Taking her flower, the agent snapped off the stem and carefully inserted the decaying yellow rose in his lapel. Then handing her two fifty-franc notes, he removed four roses from her coat pocket. He handed a limp flower to each of the three women, keeping the last for himself. “Her name is Paulette,” he said. “Picasso introduced me to her. During the war she became the mistress of a very important Nazi colonel. They fell in love. Toward the end of the war, he decided to leave his wife for her. They would go to Spain.”
Byron looked at the dark building. “Lapérouse was their favorite restaurant. For their last dinner in Paris they came here. After dinner they went for a quiet stroll and the Resistance took them. It was time for revenge, you see. The colonel was tortured, beheaded. Paulette, beautiful Paulette, was gang raped and her head shaved and her face, it was beaten until it looked like a butcher’s apron. All of this destroyed her mind.”
He looked at the silent models. “Paulette was not a bad girl. She wanted to survive and have a good time, that’s all. She waits here for her colonel to return.”
A misty-eyed Karen took his arm. “God, did they have to do that to her?”
“Picasso thought it was jealousy, not patriotism. Men she’d rejected, women who resented her beauty and powerful protector. Patriotism was an excuse for getting even.”
A sniffling Karen removed a compact and tissue from a small beaded bag then handed the bag to Byron. “Hold this while I make repairs. And stop telling me sad stories before I make a grand entrance. I don’t wa
nt to walk in there and have Cardin or someone from Elle catch me looking like a zebra.”
She moved closer to a lamp post and peered into the compact’s mirror. Byron, without thinking, tucked the last yellow rose into her bag and that’s when he saw the folded telegram. Curious, he tilted the bag to the left to catch the available light, brought it up a few inches and squinted: He froze. The telegram was signed “Annie Laurie.” Byron saw his $800,000 pulling away from him. The pain was almost physical.
He placed both hands behind him. No one was looking. Prince Saddem and Jennifer and Peace were clustered around Paulette. Karen was making repairs. Now’s the time, thought Byron. When he handed Karen’s bag back to her the telegram was balled up in his right fist. Terry’s law, he told himself. It is immoral to allow others to keep that which may be useful to you.
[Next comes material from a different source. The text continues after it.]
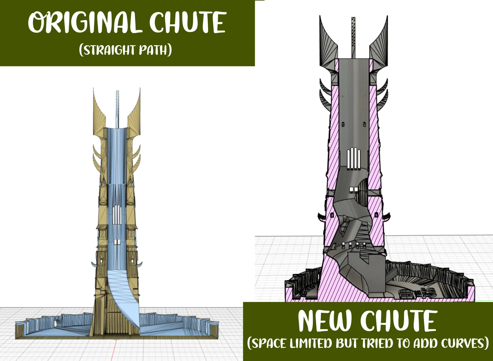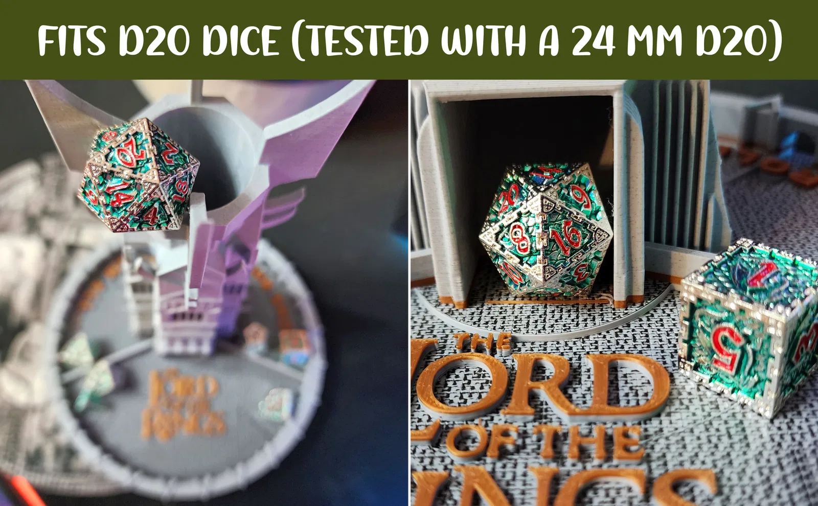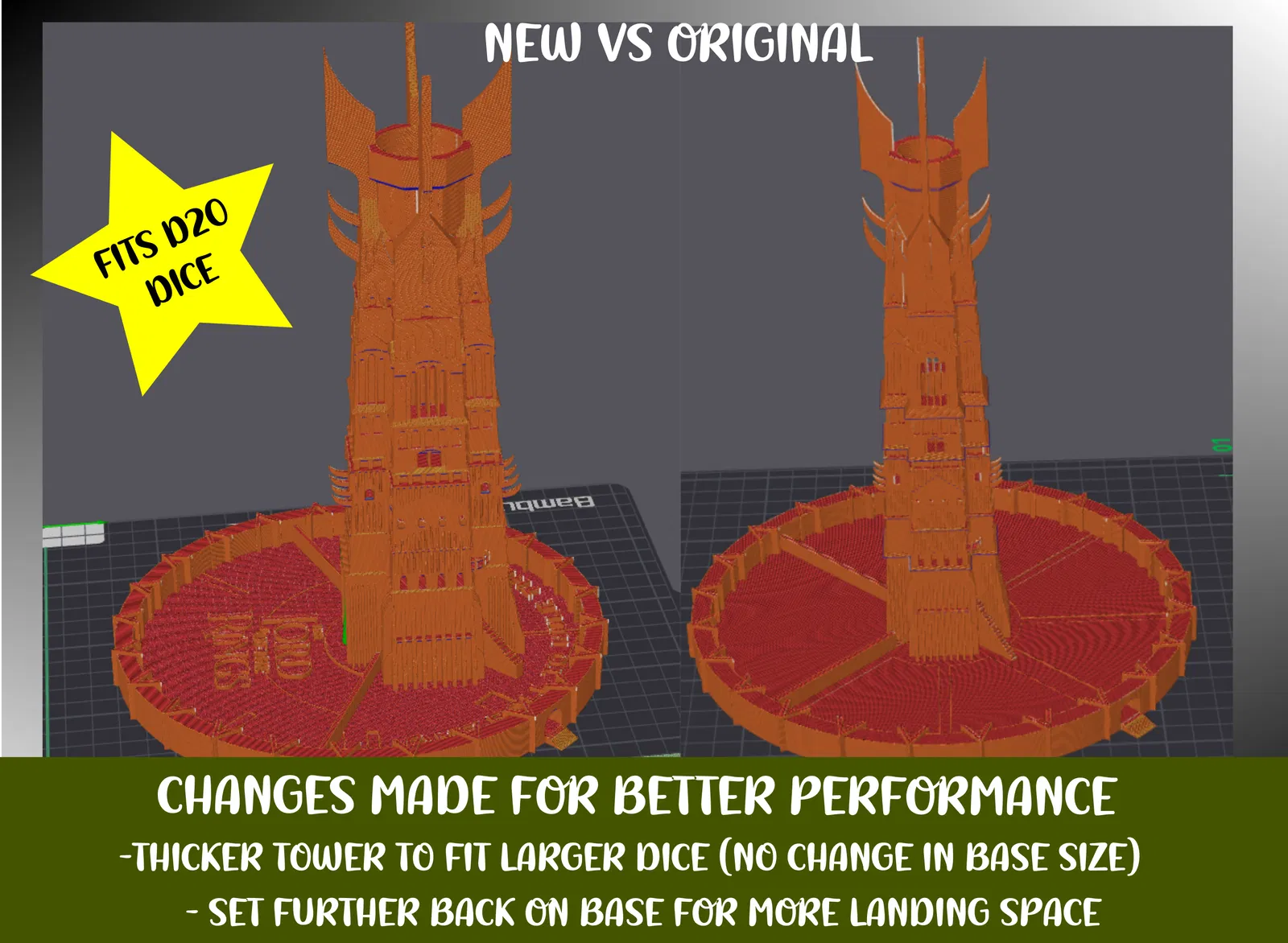 Tất nhiên, tất cả những thay đổi này đã dẫn đến sự khác biệt về mặt thẩm mỹ so với vẻ ngoài của tháp, vì vậy nếu bạn là người theo chủ nghĩa thuần túy LOTR và yêu cầu một chiếc tháp xúc xắc mảnh mai, chính xác như ảnh thì đây không phải là thứ dành cho bạn. Tuy nhiên, nếu bạn muốn một chiếc tháp xúc xắc có thể in được, chức năng, thú vị và vẫn dễ nhận biết ngay lập tức, tôi đã lo liệu cho bạn. Và thêm nữa, nó còn hoạt động như một giá đỡ trang sức hoặc một lọ hoa in 3D!

Lapérouse had a faded glamour, the dark oak and brass handrails of La Belle Epoque, that beautiful time of gaslight, parasols, and horse-drawn carriages. A headwaiter led the way up a narrow staircase to les salles, the private dining salons on the second floor. Prince Saddem had booked the popular Salon des Amours, which sat eight and had elegantly paneled walls, mirrors, and murals of cheerful pink cherubs. Byron seated himself on a red velvet couch, his arms along its back, his long legs stretched out in front of him.
“If those cherubs could speak the conversation would be salacious, indecent, predominantly sexual, not to mention naughty.”
“I was telling Jennifer about these rooms,” said Prince Saddem, stepping aside to allow two waiters to enter with champagne, ice buckets, and glasses. “There are sixteen of them, each one decorated in a different style, and they form a most interesting tradition. These rooms are for lovers, for those who wish to dine and indulge other appetites as well.”
He pointed to the door. “Look. Just one doorknob and that’s on the inside. There is no knob on the outside. It insures privacy.”
Jennifer Bean looked at both sides of the door. “How about that? People, all I can say is this beats doing it in a Volkswagen.”